▶ WORK REQUEST
Starting at the line with "Долен шкаф за" and stopping at the final line, retype the data below exactly; do not carry over any pictures.

BEGIN COLLECTED MATERIAL

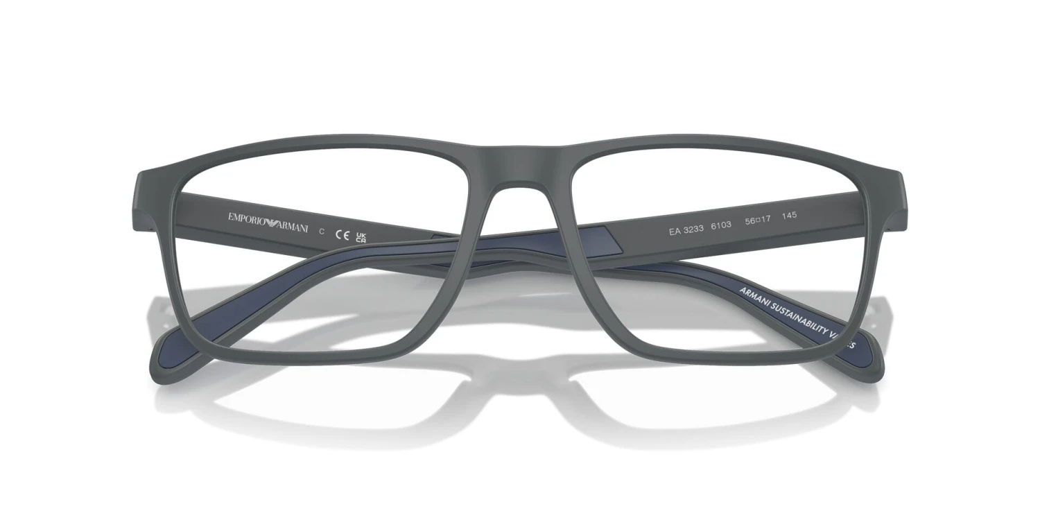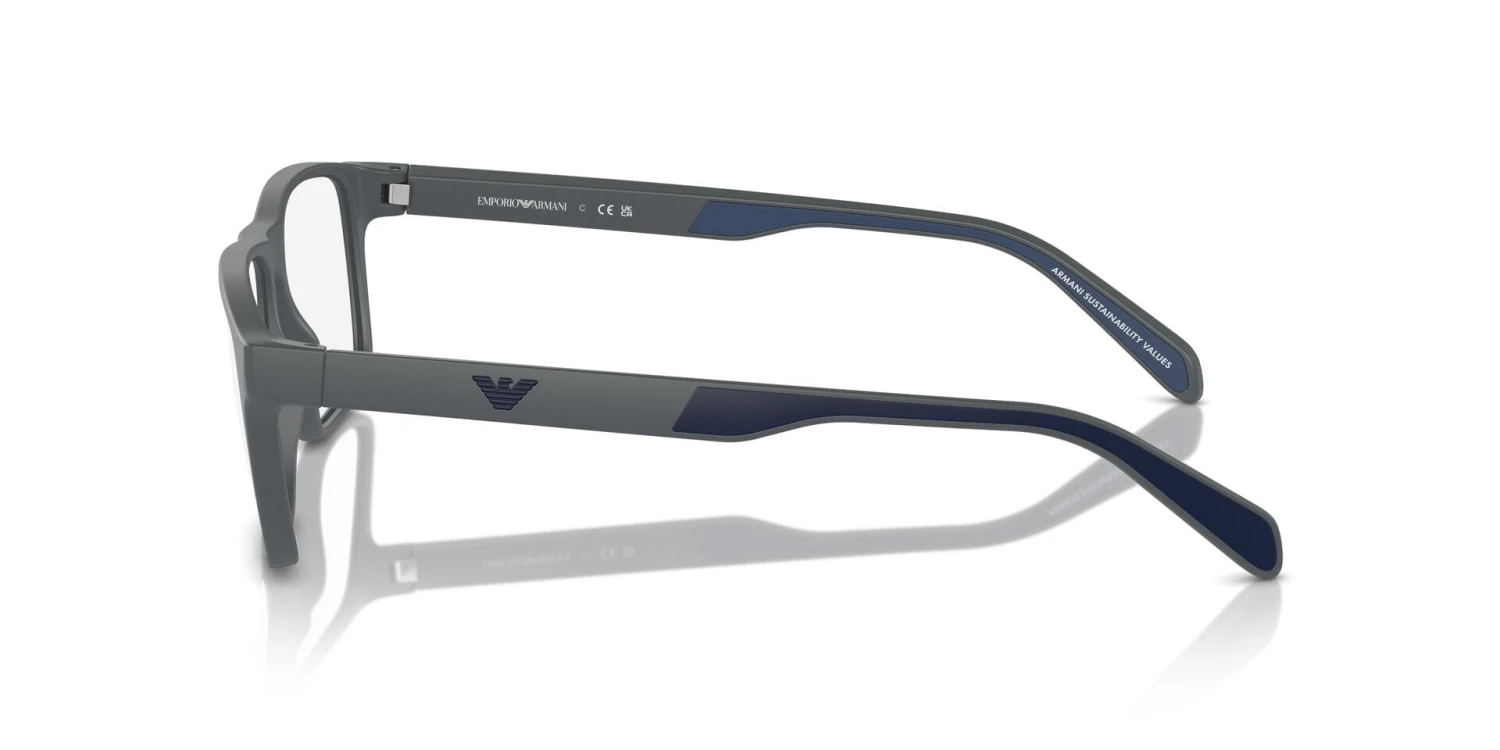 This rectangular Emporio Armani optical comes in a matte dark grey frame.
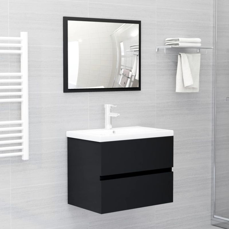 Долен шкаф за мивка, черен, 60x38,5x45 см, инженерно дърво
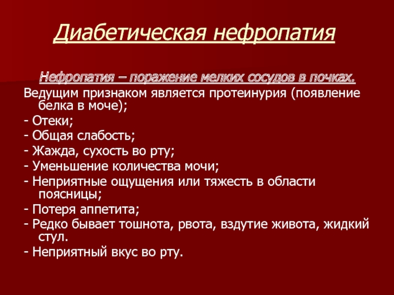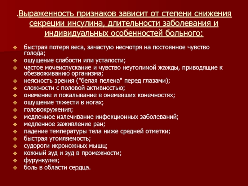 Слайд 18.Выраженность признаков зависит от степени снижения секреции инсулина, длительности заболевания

END COLLECTED MATERIAL

▶ RESULT
 Долен шкаф за мивка, черен, 60x38,5x45 см, инженерно дърво
 Слайд 18.Выраженность признаков зависит от степени снижения секреции инсулина, длительности заболевания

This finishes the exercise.